North Korea on Saturday reported 21 additional deaths from 'fever', two days after the country announced its first-ever cases of Covid-19 and ordered nationwide lockdowns.
As many as 174,440 new cases of fever were discovered on Friday, the official KCNA said, with 21 dead. It didn't say how many had died from Covid-19.
Despite activating its "maximum emergency quarantine system" to slow the spread of disease through its unvaccinated population, North Korea is now reporting tens of thousands of new cases daily.
North Korea confirmed Thursday that the highly contagious Omicron variant had been detected in the capital Pyongyang, with leader Kim Jong Un ordering nationwide lockdowns.
It was the North's first official admission of Covid cases and marked the failure of a two-year coronavirus blockade maintained at great economic cost since the start of the pandemic.

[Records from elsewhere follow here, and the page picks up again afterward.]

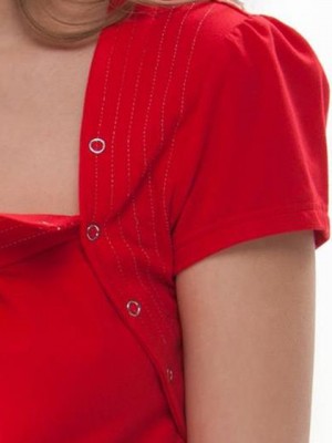 Bavlněné pyžamo s tříčtvrtečními volnými kalhotami do gumy a topem s krátkým rukávem je vhodné jak pro nastávající maminky tak i po narození dítěte - odepínání usnadní přístup ke kojení.
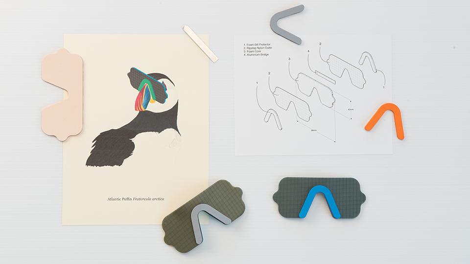 Dean Brown said: “We settled on a simple nose-resting design, making the glasses quick and unobtrusive to fit over the puffin’s bill, with a brightly coloured nose piece that bridges the animal’s distinctive bill. The material composition uses a ripstop nylon layer to create water repellent outer surface on the front and back with the core material and nose protectors in soft neoprene foam. An aluminium bridge component was introduced to enable the glasses to curve and hold to accommodate different bill and head sizes. The overall ‘sandwich’ assembly enabled a slim and light-weight design to be completely light absorbent.”
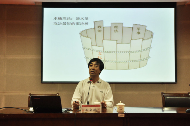 王教授对于当代文化颇有研究,曾先后主持或参与多项省级科研课题,发表学术论文150余篇,多篇被《新华文摘》、人大复印资料转载,出版了多部学术著作,有着丰厚学术积累与研究经验。王教授主要围绕“大国崛起、文化战略、文化目标、文化热战”进行论述,他认为要实现文化目标,中国必须具有坚定的文化自信,做出文化输出与文化安全的文化战略部署,参与世界文化对话,参与国际事务,增加话语权,提升文化软实力,同时强调,在21世纪的文化热战中,要警惕美国的文化霸权。面对21世纪全球文化战略格局,我们将如何提升软实力、如何进行文化输出、如何实现文化目标,引发了思考。
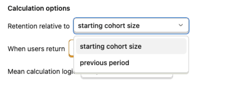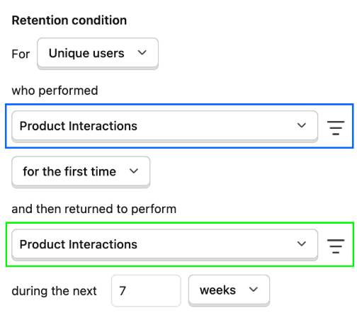 Define retention periods – Choose any interval (hours, days, weeks, or months). For example, “in the last 12 months” to assess year-long retention.
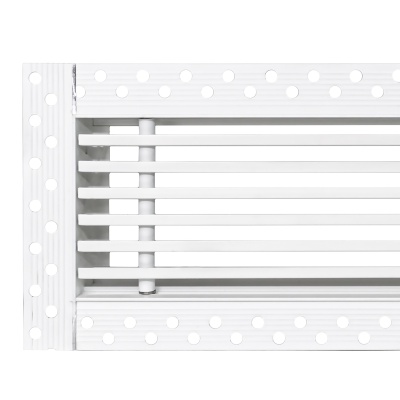 Данная решетка подходит для монтажа на любую поверхность под финишную отделку. Рамка и экран изготовлены из алюминия, опора экрана - из оцинкованной стали. Рама оснащена «полкой» 1,9 мм и рифлеными краями для большей адгезии финишного материала – шпатлевки, цемента. Решетка имеет съемную центральную часть с фиксированным углом наклона ламелей 15°. Она крепится к корпусу прочными металлическими тросиками, легко снимается для очистки и удобного обслуживания.
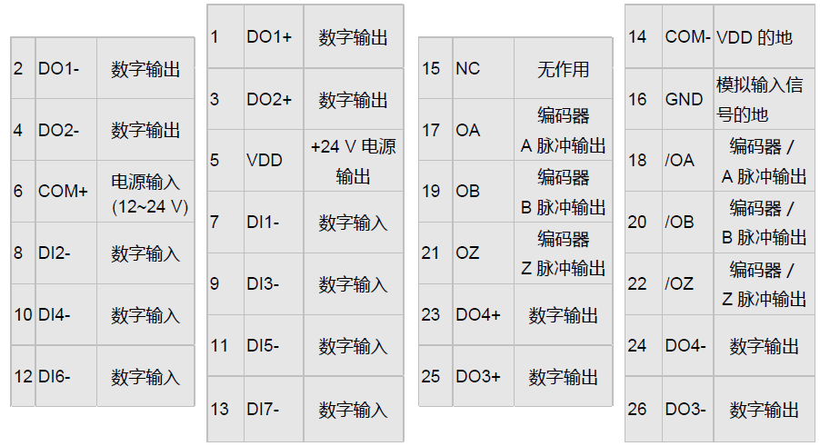 2. 關(guān)于負(fù)極回路部分:14腳(COM-)和16腳(GND)需要短接起來。如果使用抱閘時,應(yīng)將2腳(DO1-)也一同短接起來。

From late April to 13 May, more than 524,440 people have fallen sick with fever, KCNA said, with 27 deaths in total.
The report did not specify whether the new cases and deaths had tested positive for Covid-19, but experts say the country will be struggling to test and diagnose on this scale.
North Korea has said only that one of the first six deaths it announced Friday had tested positive for Covid-19.
"It's not a stretch to consider these 'fever' cases to all be Covid-19, given the North's lack of testing capacity," said Cheong Seong-chang of the Sejong Institute.
"The actual number of Covid cases could be higher than the fever figures due to many asymptomatic cases," he said, adding that the pace of infection was growing "very fast".